The Canadian oil is shipped to the Pacific coast. From the Alberta oil sands to Cushing/OK, there is the Keystone pipeline which is fine in order to export the Canadian oil to the US mid west. But they don’t easily get that oil to the coast because even the reversed Seaways pipeline is too small. So between Cushing and the refineries at the coast, they had trains as well.
I saw $67/bbl for Alberta oil somewhere. You need to take into account that this is poorer quality than WTI, and so some discount is expected. Apparently, that’s okay with the Canadians (but please keep in mind that I am not an oil expert).
Finally, they have invested huge sums in the new infrastructure, and a good part of their costs is capital costs. Now if the price goes down substantially, a number of the new oil projects will go bust, but then someone else can pick up the companies from bankruptcy and start pumping again, but this time without the huge capital expenses.
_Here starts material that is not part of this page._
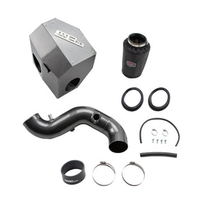 WCFab 4" Intake Kit with Air Box for 2013-2018 6.7L Cummins equipped Ram 2500 / 3500 truck with OEM / factory style turbocharger. - - This high flow, fabricated aluminum intake pipe and air box enclosure with dry filter assembly replaces the restrictive plastic factory parts on your diesel for improved engine performance. All new design significantly increases air flow to your turbo producing improved horsepower and torque, quicker throttle response, and cooler intake temperatures by drawing cold air through the inner fender and ram air duct in the grille. All aluminum construction features large diameter 4" piping with smooth aerodynamic bends to improve intake air velocity, volume, and provide more aggressive engine and turbo sound during acceleration. - - High quality hardware, silicone boot, seals, and stainless steel t-bolt clamps ensure optimum durability and ease of installation. Removable air box lid element allows for easy visual inspection and maintenance of your WCFab filter with included hydrophobic pre-filter cover, to help keep your MAF sensor, turbo, and engine airways contaminant free. Air box provides mounting provision for the OEM air box actuator so that it can remain plugged in for CEL free operation, but keeps both grille and fender ports fully open for maximum air flow to your turbo. - - Full assembly finished in your choice of WCFab's signature custom powder coat colors for a look as unique as your truck. Made in USA. - - Replaces the following MOPAR Part Numbers: 53032944AL, 53032944AC, 53032944AD, 53032944AE, 53032944AF, 53032944AG, 53032944AH, 53032944AK, 68137142AC, 68137142AB - - Note: Air box is NOT compatible with intake pipe from kit WCF100863.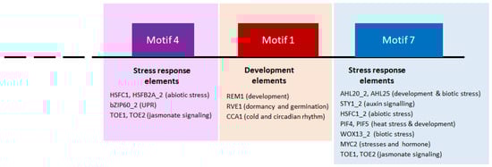 Schematic representation of the cis-elements belonging to the three identified conserved motifs among the 14 orthologous Triticeae GNAC genes. Only the 3′ terminal part of the promoter is represented (stopped at the beginning of the 5′UTR). The motif 1 gathers cis-elements that may be involved in plant development. Motifs 4 and 7 present cis-elements that are involved in stress responses.

Screw the Canadians twice…
Victor
Thanks for the thoughts Victor.
Milamber
Dear Victor,
First thank you for the great article, much appreciated.
How do you interpret the current backwardation in the oil futures market?
Do you see this as muppets overbidding the front part of the curve or instead reflective of a genuinely tight (spot) physical market?
Thanks again,
Jo
I’m guessing. Backwardation would mean that financial investors (muppets) are selling, but the producers don’t perform the arbitrage. As Saudi Arabia does have sufficient spare capacity, I guess that this is by choice rather than due to a “shortage”.
There ought to be a second article on the gold oil ratio, still to be written. The chart
shows very nicely that they are probably targeting the gold/Brent oil ratio at 15.
Victor
Thanks. Why would they target this ratio particular though?
Ah, I see you are new here… no problem. It’s a looong story, and as a first summary, I suggest FOFOA’s It’s the Flow, Stupid! and Flow Addendum.
Happy reading!
Victor
Thanks!
Even this is a very old article, comparing with the current oil prices The Mechanics of Oil Swaps make sense.